Ubuntu it is a fairly versatile open source operating system that allows you to have many tools that you can take full advantage of. The tools you can count on range from knowing the weather forecast to having all kinds of office or scheduling extensions and programs.
How to create a persistent USB in Ubuntu with Mkusb: easy and fast
Thanks to the fact that this system is one of the most secure and customizable, you won't have to worry about it being infected with a virus. Since viruses are usually programmed to attack other more vulnerable operating systems. However, you can install Comodo for Linux for added protection. But that's not all, you can also create one Persistent USB with Ubuntu, in this article we will guide you.
What does a persistent USB installer do?
These Unix USBs, like the Universal USB Installers, allow you to create the necessary bootable files on a partition.

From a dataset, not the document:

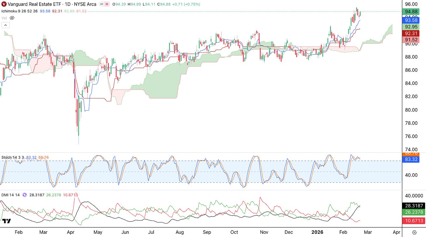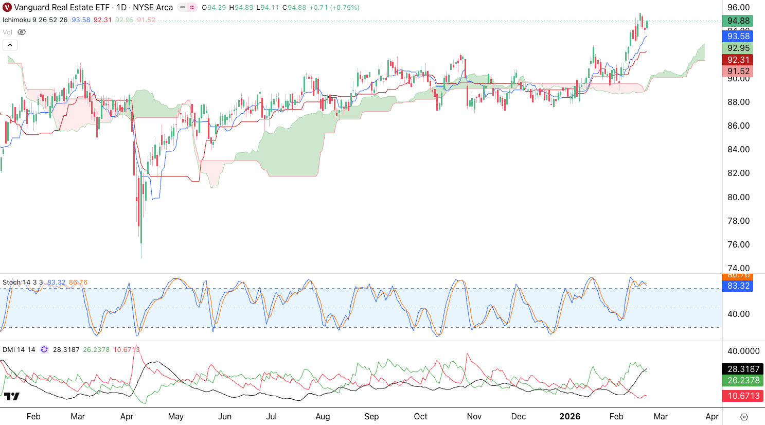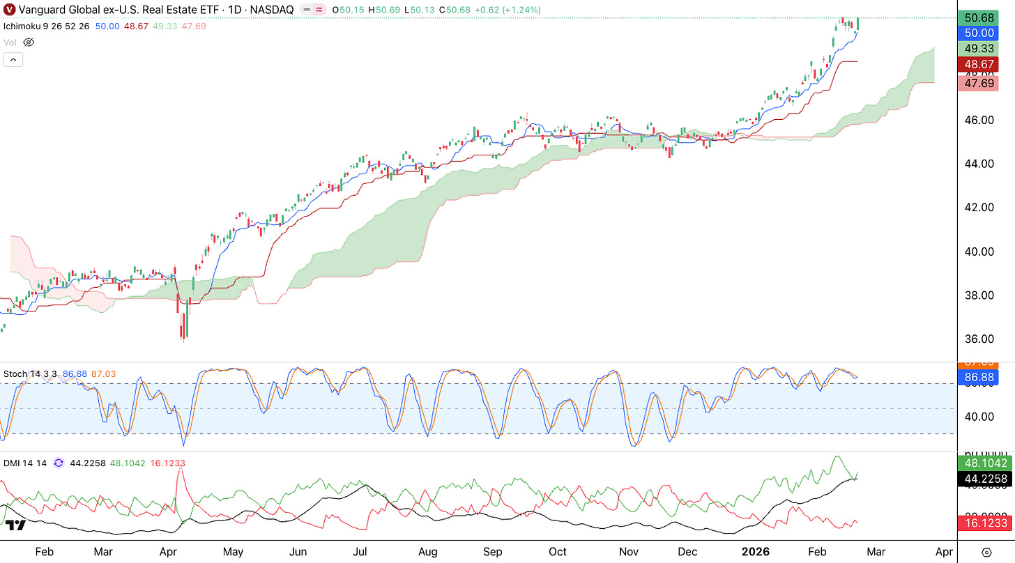 Global Real Estate (VNQI) is on a tear. The DMI tells us this is in a strong uptrend.

This same partition is formatted with FAT32 and, due to limitations in FAT32 itself, the file size is 4G at most.
Now, if what you want is more persistent storage space, you can replace it with a partition whose storage limit will be the same as the USB storage you are currently using.
You can use the GParted partition manager where you can resize the FAT32 partition and thus have more space for a new one largest EXT4 partition to enjoy more storage space.
The persistent file you have can be deleted and when you turn your computer back on, the Ubuntu OS will automatically select the persistent partition with the most space.
But while everything sounds great so far, there is one small problem, Ubuntu itself can't change its own active boot partition, so you'll need another Ubuntu system to do that. You can use a second USB stick containing Ubuntu Live. We will show you below what are the steps to follow.
How to create persistent USB in Ubuntu?
This time we will use 32bit version of Ubuntu 13.10, if you don't know your Ubuntu system version you can do it easily, instead to create a persistent USB you have to follow the following steps:
- The first step to follow is to install Ubuntu on two USB devices and do a small configuration on them so that both have a persistent memory of at least 100 MB.
- You should open or run Ubuntu from one of the drives and keep the other drive offline.
- You have to look for the GParted Partition Editor option and Ubuntu Dash and open it. The same is installed by default in 13.10
- This is when you should insert the other USB device and, after a few seconds, update it in GParted, which you can open using the Ctrl + R command. When you do this, you should see a new device added to the list. You need to check that the size matches that of your USB and select it.
- You should now check the mount point (/media/ubuntu/UUI)
- You should now open the terminal window using the command Ctrl + Alt + T and remove the persistent files using the following command: rm -v /media/ubuntu/UUI/casper-rw
- Update GParted again and check the changes that have been made to Used
- Now, place the cursor on the partition and right click and select the unmount option. If you followed the steps to the letter, you will notice that the mount point it is no longer reflected on the screen.
- Right click on the partition again, but this time select the Resize/Move option and you will be able to see the assigned partition.
- It's time for you to create a new partition for persistent storage and choose the partition you didn't allocate and right click it and select the New option.
- Now choose il filesystem ext4 where you will label casper-rw and click add.
- Verify that all parameters are correct and once done, press the green button to verify and apply all pending operations.
- Already the penultimate step is to shutdown Ubuntu and remove the first USB device and reboot from the second USB device
- Finally open a terminal with the command Ctrl + Alt + T and type the following command: df . –hy check that the Avail size matches the persistent partition you created.